• SUPPLIED DATA:
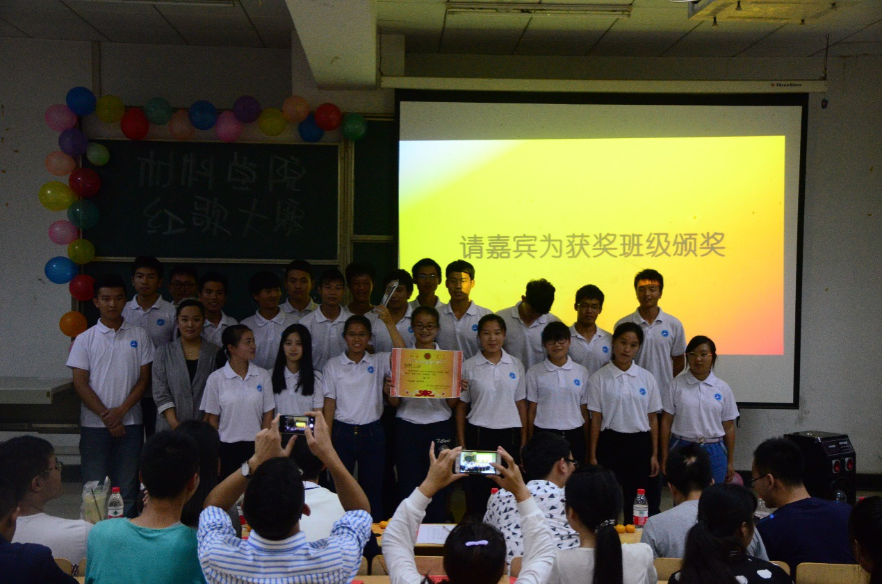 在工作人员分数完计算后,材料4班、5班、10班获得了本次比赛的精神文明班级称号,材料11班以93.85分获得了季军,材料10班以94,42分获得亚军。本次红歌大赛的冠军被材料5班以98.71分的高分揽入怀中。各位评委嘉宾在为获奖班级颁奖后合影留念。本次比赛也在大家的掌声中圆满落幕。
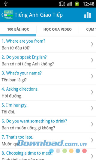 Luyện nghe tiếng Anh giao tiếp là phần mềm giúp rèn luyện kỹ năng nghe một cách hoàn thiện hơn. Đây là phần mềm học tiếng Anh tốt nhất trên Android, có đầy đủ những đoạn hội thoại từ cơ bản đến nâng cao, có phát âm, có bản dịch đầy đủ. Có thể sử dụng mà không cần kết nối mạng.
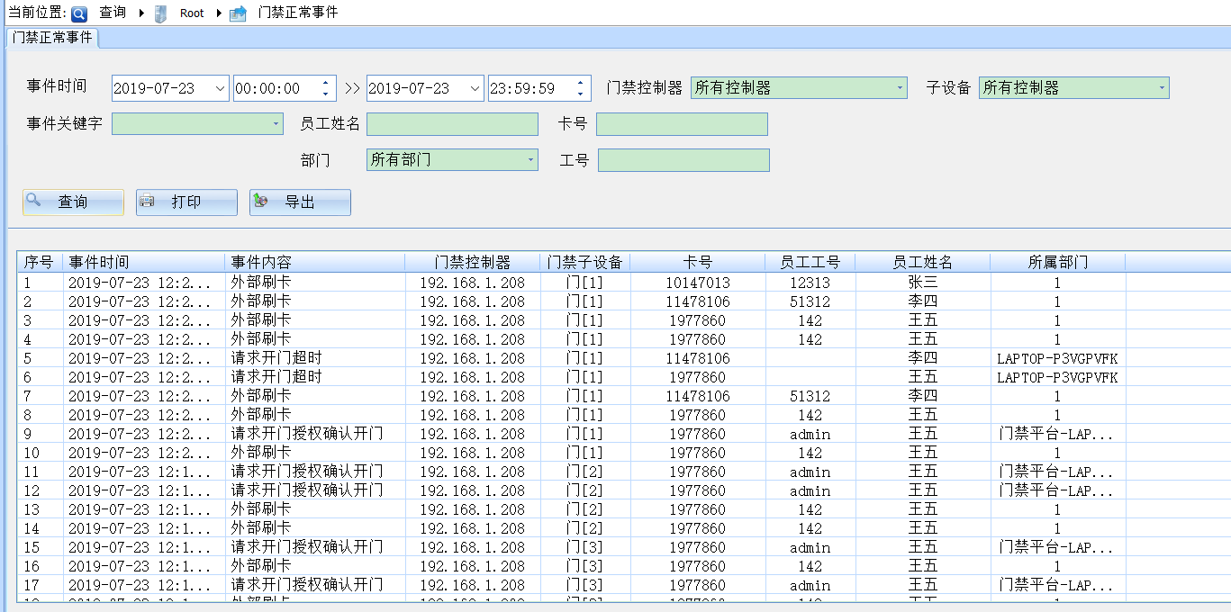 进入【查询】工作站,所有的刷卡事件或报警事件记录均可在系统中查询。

...

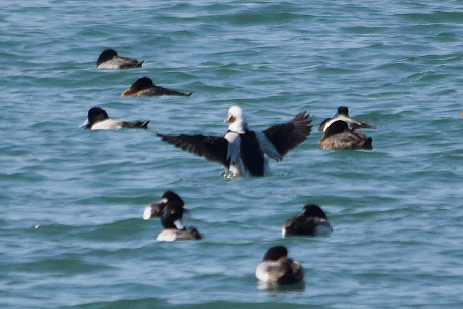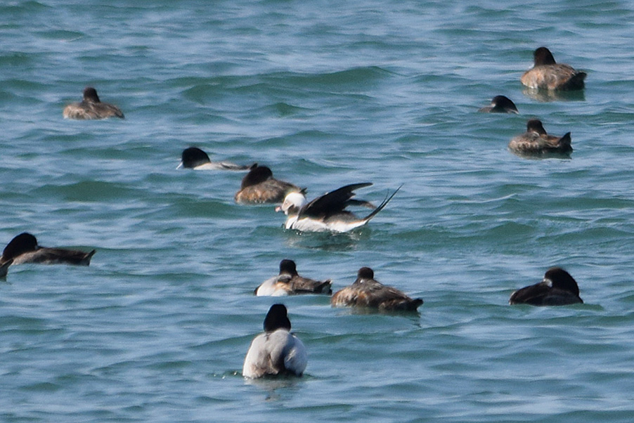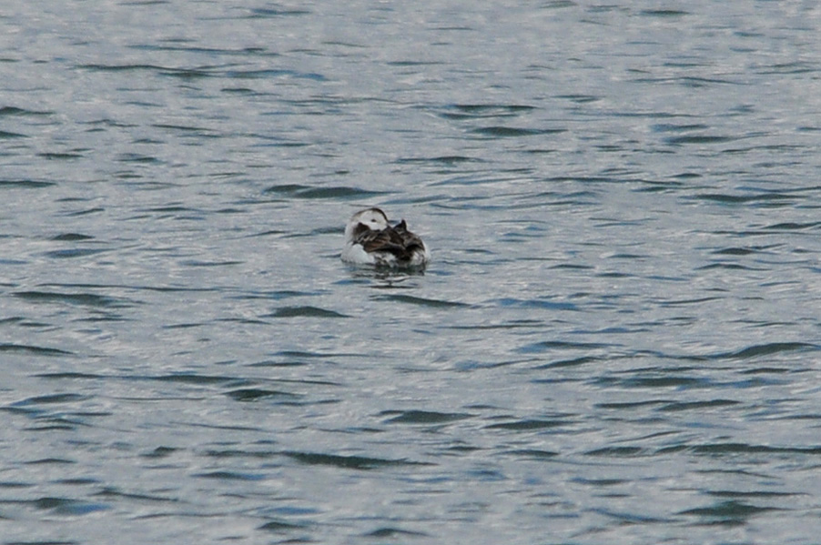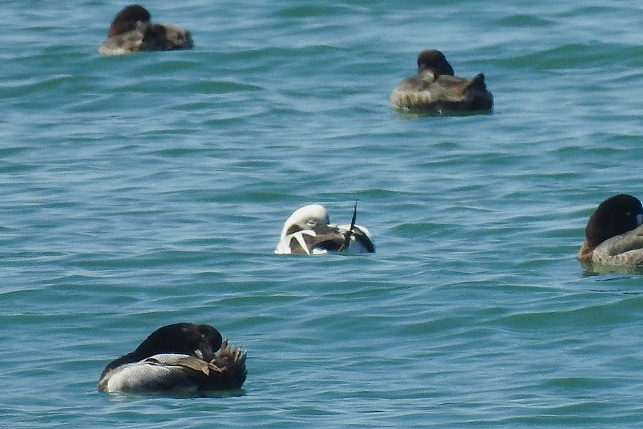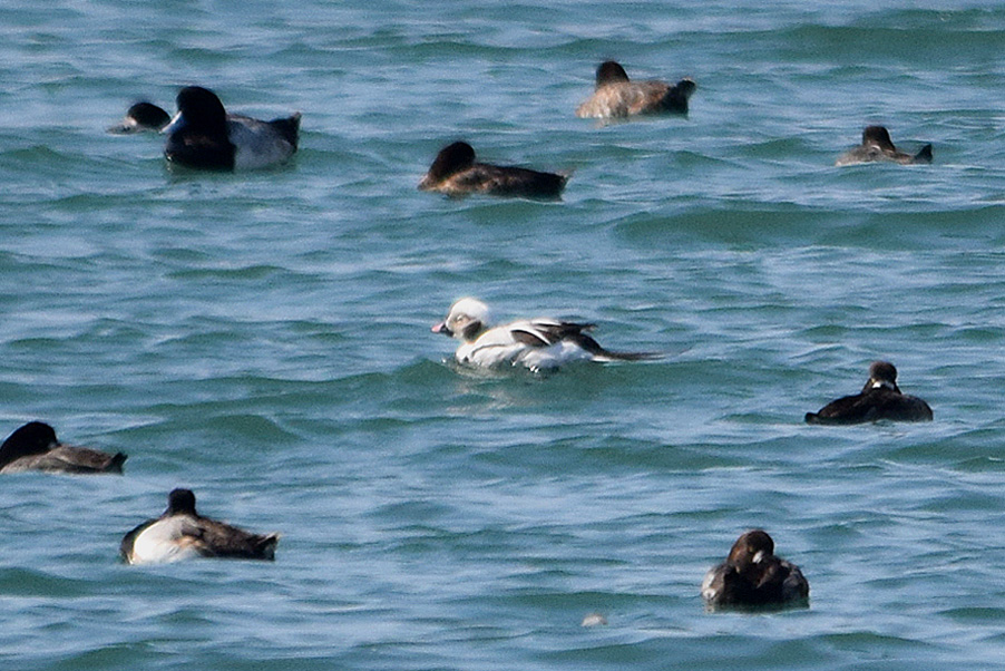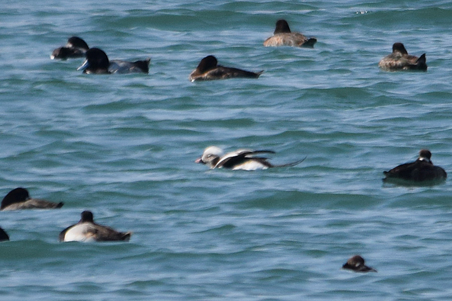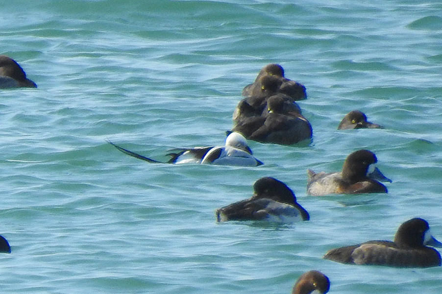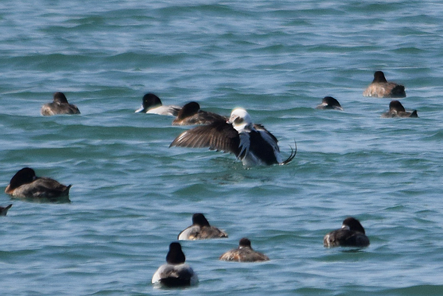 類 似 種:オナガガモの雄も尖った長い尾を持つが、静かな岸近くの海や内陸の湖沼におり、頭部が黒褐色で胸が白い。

• WHAT IS REQUIRED:
Here the job is to copy the stretch of records from the line containing "Luyện nghe tiếng" through the line containing "进入【查询】工作站,所有的刷卡事件或报警事件记录均可在系统中查询。", word for word. Leave every picture out.

• WRITTEN ANSWER:
 Luyện nghe tiếng Anh giao tiếp là phần mềm giúp rèn luyện kỹ năng nghe một cách hoàn thiện hơn. Đây là phần mềm học tiếng Anh tốt nhất trên Android, có đầy đủ những đoạn hội thoại từ cơ bản đến nâng cao, có phát âm, có bản dịch đầy đủ. Có thể sử dụng mà không cần kết nối mạng.
 进入【查询】工作站,所有的刷卡事件或报警事件记录均可在系统中查询。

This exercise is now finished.